目の高さで剣を寝かせた構えで行う、両手水平突き。
私にできる、最大火力の刺突技。
「――邪魔、よ…!」
突き出した剣先が、エレクのもう片方の肺を鋭く貫く。
「ごふっ」
舞い散る血反吐は、赤い花びらのよう。
それでもエレクは動きを止めず、この距離のまま私に向かって片手で雷撃を放とうとする。
「エ、エレクッ!しつこいのよっ!貴方はぁ!」
勢いよく剣を引き抜けば、彼の体から力が抜けた。
「あ、カーシャ…君、は…」
「うる、さいっ!」
その隙に、エレクの背中からサザンカが小太刀を突き立て、私もまた必要以上の力をもって落雷の如き唐竹一閃、その体を縦に引き裂く。
致命傷だ。
噴水のように血を噴き上げる彼の体から数歩、後ずさりしていると、サザンカが小太刀を引き抜いた拍子にエレクは膝から地面へと崩れ落ちた。
「…はぁ、はぁ…」
やった。
作戦は完璧に成功だった。
ワダツミの計画を、サザンカの暗殺者としての技術と、私の気迫と狂気が為した。
喜ぶべきタイミング。ハイタッチでもしてやればいい状況だ。少なくとも――ルピナスたちと魔物を討ったときはそうしていた。
なのに。
私の心と体に走る鳥肌、戦慄、悪寒、吐き気、恐怖、そして、後悔は…一体、何なのだろう…!
指先が、震える。
『やってしまったわね』
うるさい。
『その手をご覧なさい…哀れなことに、血で染まり、震えているわ』
「…うるさい…」
誰にも聞こえない、私自身の叫び。
「バッチリだったね、リリー」
すると、幻聴かと疑いたくなるような明るい声が心の底で震えている『彼女』の分身の名前を呼ぶ。

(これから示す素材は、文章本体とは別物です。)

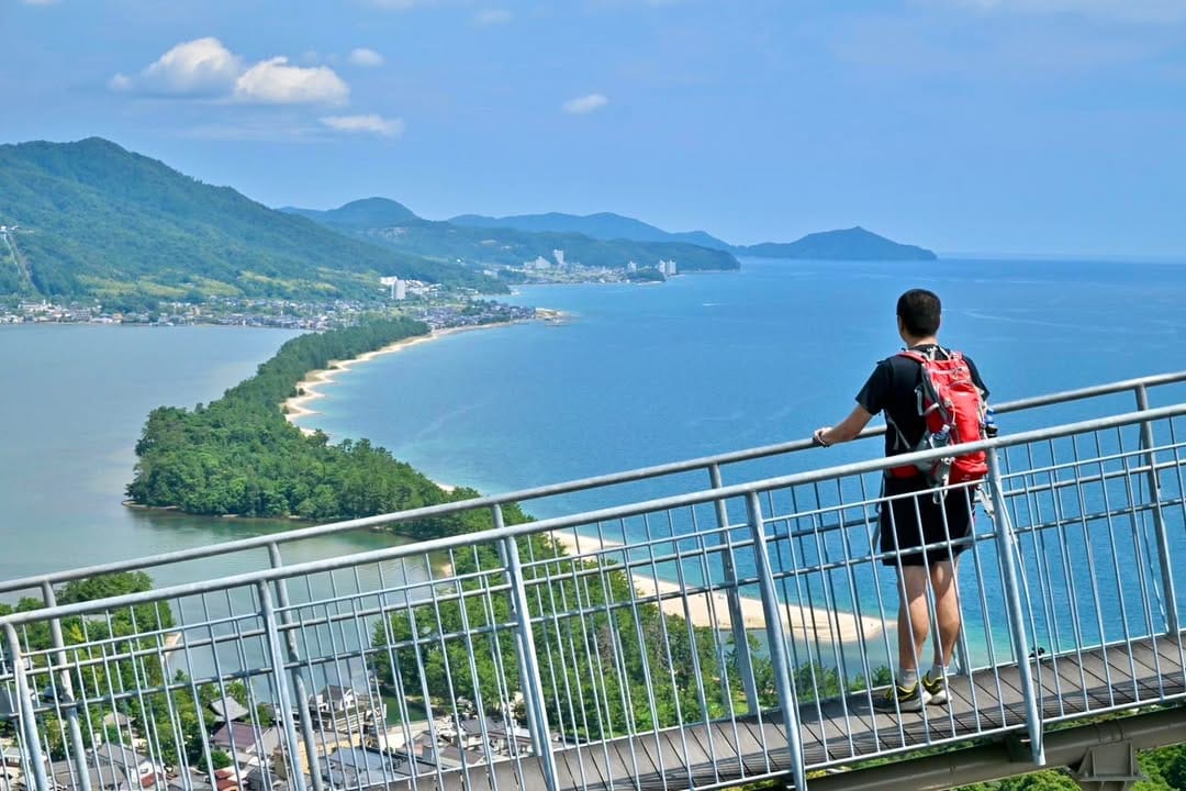 天橋立跟松島一樣都是地殼推擠作用形成的天然景觀,不同的是這裡是沙洲地形,上面滿滿有8000棵左右的日本黑松,而其名字的由來,據說從南北兩端的高處,背對沙洲並低頭由大腿兩側中間往後看,此時藍色的大海如同天空,沙洲猶如地面往天空延伸的橋樑而得名,而在南端的天橋立View Land所看到的樣子就如同飛龍在天一樣,所以又叫「飛龍觀」。

「初めて連携を取ったとは思えなかったですよ。えへへ、いぇい!」
打って変わって、弾けそうな笑顔でサザンカが私に手を掲げてみせる。
ハイタッチ?
そう、ハイタッチだ。
『喜びなさい』
喜ぶんだ。
(私は、リリー・ブラック…復讐を唄う黒い百合…)
乾いた唇が何かを言葉らしきものを発しようとした刹那、私の正面と後方で同時に人の気配が近づいてきた。

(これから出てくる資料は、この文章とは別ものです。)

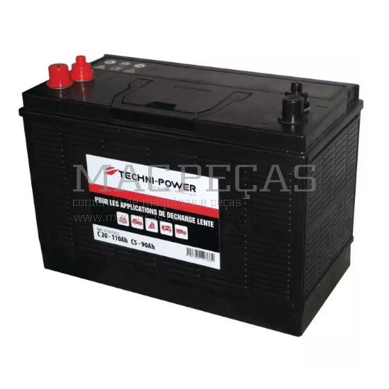 BATTERIE 12V 110AH DECHARGE LENTE DOUBLE BORNES + A GAUCHE TECHNI POWER
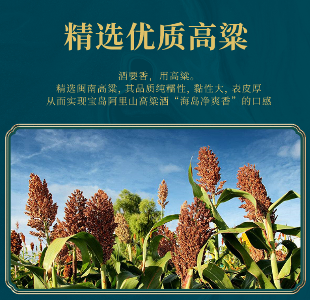 精选闽南高粱,其品质纯糯性,黏性大,表皮厚从而实现宝岛阿里山高粱酒“海岛净爽香”的口感。 花岗岩深层泉水 好山出好水,好水酿好酒!
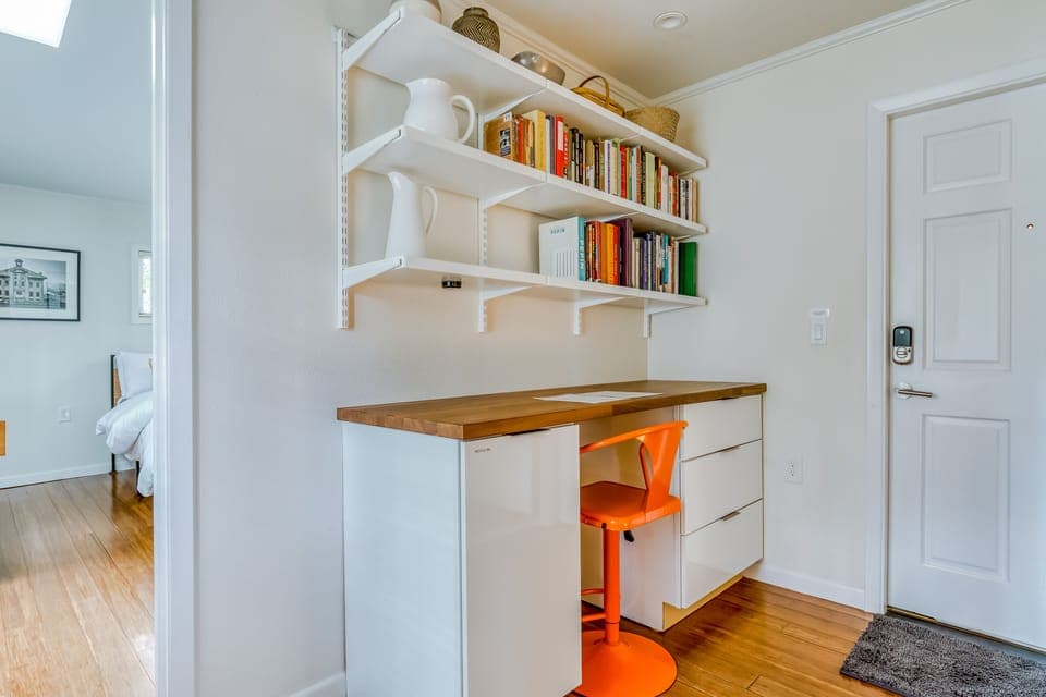Come and enjoy a lovely mid-century hideaway during your trip to the Portland area. Set in the upscale Lake Oswego suburb, this lovely home represents a stylish coming together of old and new. Relax around the living room's classic painted brick fireplace, or take the party outside to the firepit in a secluded courtyard. Board games are included for late night fun! The stylish open living room area pairs nicely with the galley-style full kitchen, appointed with tasteful full-size appliances as well as unique octagonal windows and glass blocks to bring in natural light. Four desk workspaces are all set up for guests who need to complete remote work assignments. Each bedroom is lovingly decorated with a unique look, tying together to make this mid-century modern home a truly unique retreat.

後方からは宿舎から来たのだろう兵士の波。主が討たれたことに唖然とし、今にも激昂して襲い掛かってきそうな彼らにすぐにワダツミが反応し、続いてサザンカが突貫する。
正面には、どうして二人とも来なかったのか。
簡単だ、私一人で十分だからだ。
「あ、あ…貴方…!」
もはや物言わぬ骸と化したエレクの身に縋りついたのは、奥の部屋に隠れていたらしいフォンテーニュ夫人だった。
「いやっ、貴方、貴方ぁっ!」
割れんばかりの悲鳴。この世の一切合切を嘆く響きに思わず、耳を塞ぐ。
(や、やめて…もう)
太刀から垂れていた、どろりとしたエレクの血液。夫人を悲壮の海に突き落とした、罪禍の証。それが腕のところまで垂れてきて、思わず目を見開く。
『貴方が殺ったのよ。貴方の友人の父を、貴方が』
(ち、違う。いや、違わない…)
『でも、きっとしょうがなかったのよね。だって、貴方は選んだんだもの』
(あぁ、だめ、冷静に、冷静になるのよ、幻聴に耳を貸してはならないわ…冷静に、冷静に…冷静に…っ!)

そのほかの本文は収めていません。